School’s back after the long summer break so here are some top-class photos to get you in the mood for all things education. Some of the vintage snaps are from the 1920s while others, such as a historic photo of the Love Lane School in Rayleigh are from even earlier.
Among the images is a rarely seen photo of the old St John’s College in Southend, which like many historic buildings, is long gone.
Another interesting image is from what is believed to be the first proper school room in Rayleigh, at the Holy Trinity Church. In 1792 the Rev. Moor, the Curate of Holy Trinity, loaned the Churchwardens the sum of £75 (£4,000 today) to build a new schoolroom for the use of the Parish. In 1863 the building was demolished and rebuilt and became the National School. The Rayleigh Town Museum has plenty of old school photos if you want to see more (rayleightownmuseum.co.uk).
Meanwhile, forget the 3Rs, in January of 1935, St John’s School in Moulsham, Chelmsford was dealing with a fourth R – rats! The school had become infested by the vermin to the extent the rodents were destroying classrooms. Things got so bad that special precautions are being taken to guard the children’s exercise books and reading books. Children have been told to take care not to leave any eatables in their desks. A professional rat-catcher had to be employed.
It’s no secret that corporal punishment was once the norm. Horrible headmaster William Lucus, who was in charge of Southchurch Hall School in Southend, was not shy in using his cane. In the spring of 1920, Lucas was summoned to court for an alleged assault upon a 10-year-old boy named Herbert West.
The boy’s mother Cissie West, aged 42, of Chinchilla Road Southchurch, brought the case after she noticed painful marks on her son’s legs. The mother then took her son to a police constable who also saw the marks. The court heard how the boy had been seen by Mr Lucas ‘playing around with a comic’ with another pupil whilst in school. The headmaster took West upstairs to his office and “struck him four times on the legs and elsewhere”. Each of the blows left a mark for days.
After a lot of debate and hearing statements from witnesses, however, the court found that the headmaster had not used excessive punishment and the mother’s charges against him were dismissed. The acquittal did not go down well with the boy’s father, a seaman, who yelled at the bench: “Then your Worship I shall punish him as he punished my boy!” He called the headmaster a vicious man and promised to mete out his own justice.
Messing around in the playground could once prove deadly for pupils. In November of 1892 young student Arthur Smith of Strood Cottage, West Mersea, died after a fellow schoolboy kicked him in the leg. Both lads were just nine years old and were known to get into petty quarrels but on this one-day Smith was left with a huge bruise on his knee. In the days and weeks that followed the bruise got bigger, his leg swelled up until the little lad could no longer get out of bed. He eventually died of blood poisoning, brought about by the kick which caused acute necrosis to the bone of the left leg under the knee.

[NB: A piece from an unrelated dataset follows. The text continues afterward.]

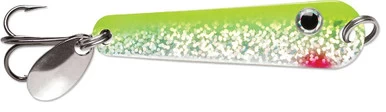 The VMC Tumbler Spoon is the ultimate lure for the open water or under the frozen tundra. The unique “knuckle” bend offers a slow tumbling action for those finicky biters or when a subtle action spoon is critical to matching the behavior of neutral to negative fish. The small metallic attractor blade adds additional flash and sound when coming in contact with the spoon and hook.
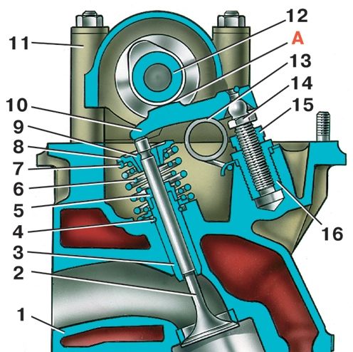 Распределительный вал 16 чугунный литой, имеет пять опор и восемь кулачков. Рабочие поверхности кулачков азотированы. Вал установлен в съемном корпусе 15, закрепленном на головке блока десятью шпильками. На переднем конце вала установлена ведомая звездочка 13 привода.

Health and safety regulations have thankfully improved in schools, but it wasn’t always so. In 1895 a poor little girl named Vera Turp was burned to death at her school - the Quarry Hill Board School in Grays, Thurrock- after arriving early so that she could warm herself up because her home was so cold.
The five-year-old entered her classroom along with another girl, Alice Watts, but about 10 minutes later she was found by the schoolmistress lying near the door of the classroom. Her body was so ravaged by her burning clothes - which were still in flames – that she died within minutes. Ada White, a fellow pupil at the school, said she saw Vera standing in front of the fire warming her hands, when she fell forward into the fire, and her pinafore caught alight. Upon discovering the horror, Miss Louisa Patterson, the schoolmistress, threw her woollen shawl around the child and extinguished some of the flames and a doctor was called. But it was too late for little Vera.
It's not all doom and gloom, however, as we have some lovely photos from school events across Essex for you to peruse, including a careers evening at a school in the 1960s and even a visit by pop stars East 17 visiting a school in Rayleigh in 1993 as well as some snaps of some of the educators who have really made a difference to Essex education over the years.